I suppose it is acceptable to cry over a woman — if that woman is your mother, your grandmother, or your wife of 20 years, and if that woman is dead or dying.

Should you cry about a breakup? Maybe, but never in front of the woman who dumped you. Don’t give her the satisfaction.

This woman’s boyfriend started blubbering, and the wimminz who dumped him for Chad was able to get a huge ego boost, while moving him from the lover column to the kid column. In that instant, her boyfriend became forever-after untouchable.

He should have laughed in her face, and told her: “Cool, I’m bored of fucking you anyway…”

Had he done this, then the bitch would have second-guessed her decision. In fact, she would likely have come grovelling back to him, after Chad’s cock got boring, and then he would have had some tears to savor.

Young brothers should never cry over a bitch, because bitches are always already disloyal anyway. Don’t give them the satisfaction.

25 thoughts on “When Men Cry

  1. I honestly don’t have any fucking idea of what that first quoted paragraph is supposed to be saying, but it just shows that boys raised by women are doomed to failure 99/100 times. Women can’t teach boys to be men.

    I’ve been working with my younger boy on mastering his emotions. He gets upset over little bullshit stuff and I’m teaching him how to handle minor things (ignore/shrug) vs. dealing with meaningful issues.

  2. “A competent man is the master of his own emotions.”

    This is absolutely true as a general principle.

    The times I’ve cried in the last two years have generally been times of extreme stress and difficulty: (1) at the unexpected departure of a close friend; (2) when experiencing great physical pain; (3) when I had to decide to amputate my daughters leg. The latter was the hardest for me, and I mourned publicly.

    I don’t cry over the stuff that makes my wife cry.

    “Women can.t teach boys to be men.”

    They really can’t. My wife recognizes that there are boy things that should not involve girls. Like boy scouts. Just yesterday we went to “back to school night” at the elementary school and they announced a girls club. We both looked at each other and said “what about the boys?”, but of course there was no corresponding club. Boys don’t get many male role models in school. If they don’t have present fathers, they stay immature.

    “He gets upset over little bullshit stuff and I.m teaching him how to handle minor things”

    I’ve been going through the exact same thing.

  3. I had a near-breakdown at work a few weeks ago when my coworkers did an intervention on how withdrawn I’d become. Depression comes and goes, it’s part of the social isolation that comes with MGTOW monkhood, but I thought I’d been managing it better.

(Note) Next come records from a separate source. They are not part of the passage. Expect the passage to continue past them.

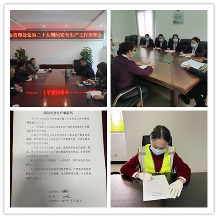 一是全面开展安全检查。重点对特殊路段的路面、路基、桥梁、隧道等运行情况,各科室安全责任清单风险防控措施落实情况及消防设施和机电设施等隐患排查情况进行检查,要求全体人员要加强风险监测预报预警,持续全面排查整治风险隐患,切实保障二十大期间安全形势稳定可控。二是强化网络舆情管控。重点对办公网络、监控网络及收费网络等进行详细检查,查看了各科室网络舆情监控和信访处理措施的落实情况,要求各科室要落实专人负责网络安全,以高度的政治使命感、责任感做好应急处置准备工作,对于可能出现的网络舆情要提前防范,快速妥善处理,避免产生不良影响。三是关注员工思想动态。通过站务会、走访询问等方式,关心关爱员工工作生活,对确有困难的员工及时给予帮助,做好矛盾化解,禁止全体员工在网络上发布不当言论,全力保障员工队伍健康稳定。四是持续筑牢疫情防线。一如既往从严从细抓好常态化疫情防控,严格出川审批程序,实时掌握员工活动轨迹,严格落实核酸检测要求,按需发放防疫物资,督促员工做好自身防护,持续巩固疫情防控工作成效。五是积极营造浓厚氛围。按照上级统一安排部署,在各收费站、服务区及沿线LED显示屏及收费站F情报上,播放展示二十大宣传标语,为迎接党的二十大顺利召开营造浓厚宣传氛围,发布各类宣传标语22条。六是保障道路安全畅通。按照高速公安和交通执法的要求,停止94标准中分带护栏改造项目涉路施工。及时维修更换道路交通事故损毁的交安设施及路面出现的病害。进一步加强道路的巡查频率,督促绿化保洁单位加强道路保洁力度;组织全员签订了二十大期间安全生产工作承诺书,累计签订393余份,全力确保二十大期间管辖道路“畅、洁、绿、善、安”。
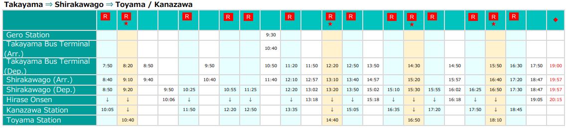 ส่วนการเดินทางไปเที่ยวเมืองชิราคาวาโก จุดหมายหลักของทริปนี้ สามารถจองได้ที่เวบ https://www.nouhibus.co.jp/english/ หรือผู้ที่ถือ jr pass นี้จะต้องโทรไปจองที่เบอร์ +81 577 32 1688 เท่านั้น ใช้เวลาโทรไม่เกิน 5 นาทีก็ได้รหัส booking ที่จะไปยื่นแลกตั๋วที่โน่นอีกที
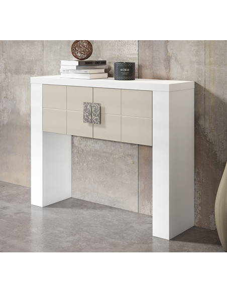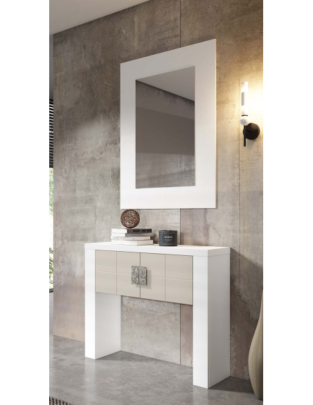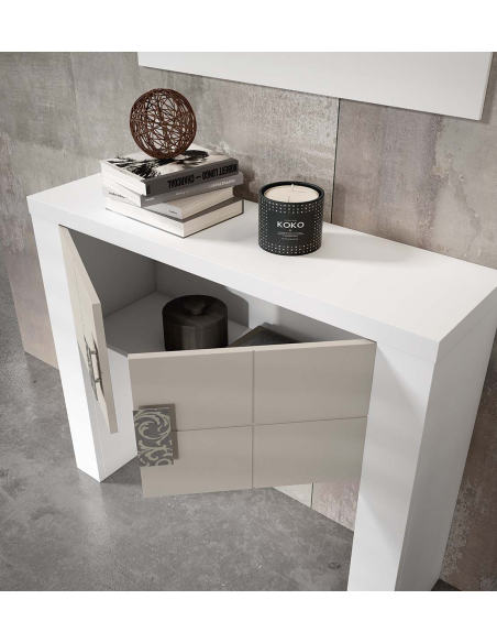 Nueva consola recibidor Gustav con tirador Musa con dibujo. ¿Buscas un mueble recibidor para mantener organizada la zona de acceso a tu hogar? Llaves, gafas de sol, moderno... Objetos que necesitan un lugar propio para encontrarlos rápidamente y evitar el caos y el desorden. Conseguir un espacio ordenado no debe hacerte renunciar al estilo y al glamour. Por fin podrás obtener el estilismo moderno que siempre has buscado para tu hogar, gracias al estilo vanguardista y elegante de este práctico mueble auxiliar. Con dos puertas de fácil acceso y tirador tipo joya, tu nueva consola es totalmente personalizable. Elige el acabado de la estructura y el de los frentes utilizando los desplegables y el cuadro de texto.

    It doesn’t help, however, that the women at work nag me when I have to cooperate with them. My God, they NAG. They won’t stop nagging. They can’t. And then they get frustrated when I withdraw.

    I need female-free work but God only knows where to find that these days.

  4. Last time I legit cried was the death of my grandfather.

    One thing I’ve learned about mastering emotions is that it takes a strong man (Christ, your father, a good male role model) to help you do it. Women more often than not give you plenty to have your emotions go out of control.

  5. “Last time I legit cried was the death of my grandfather.”

    I cried less when my grandfather died than when my grandmother died (first). I cried for him and his loss. They married in their early 20’s after less than a year total of dating and engagement. They were married into their 80’s. When she died, it was like a huge piece of him died. His sorrow was complete. I truly met the man that day. My grandfather’s death was bitter, yet sweet as it ended the separation of two joined as one.

    It will be the same for me if my wife goes before I do. I don’t know how widowers manage to carry on.

    “I suppose it is acceptable to cry over a woman . if that woman is your mother, your grandmother, or your wife of 20 years, and if that woman is dead or dying.”

    A true woman, the mother of children, grand-children, and great-grandchildren, deserves the tears, for she has earned that respect.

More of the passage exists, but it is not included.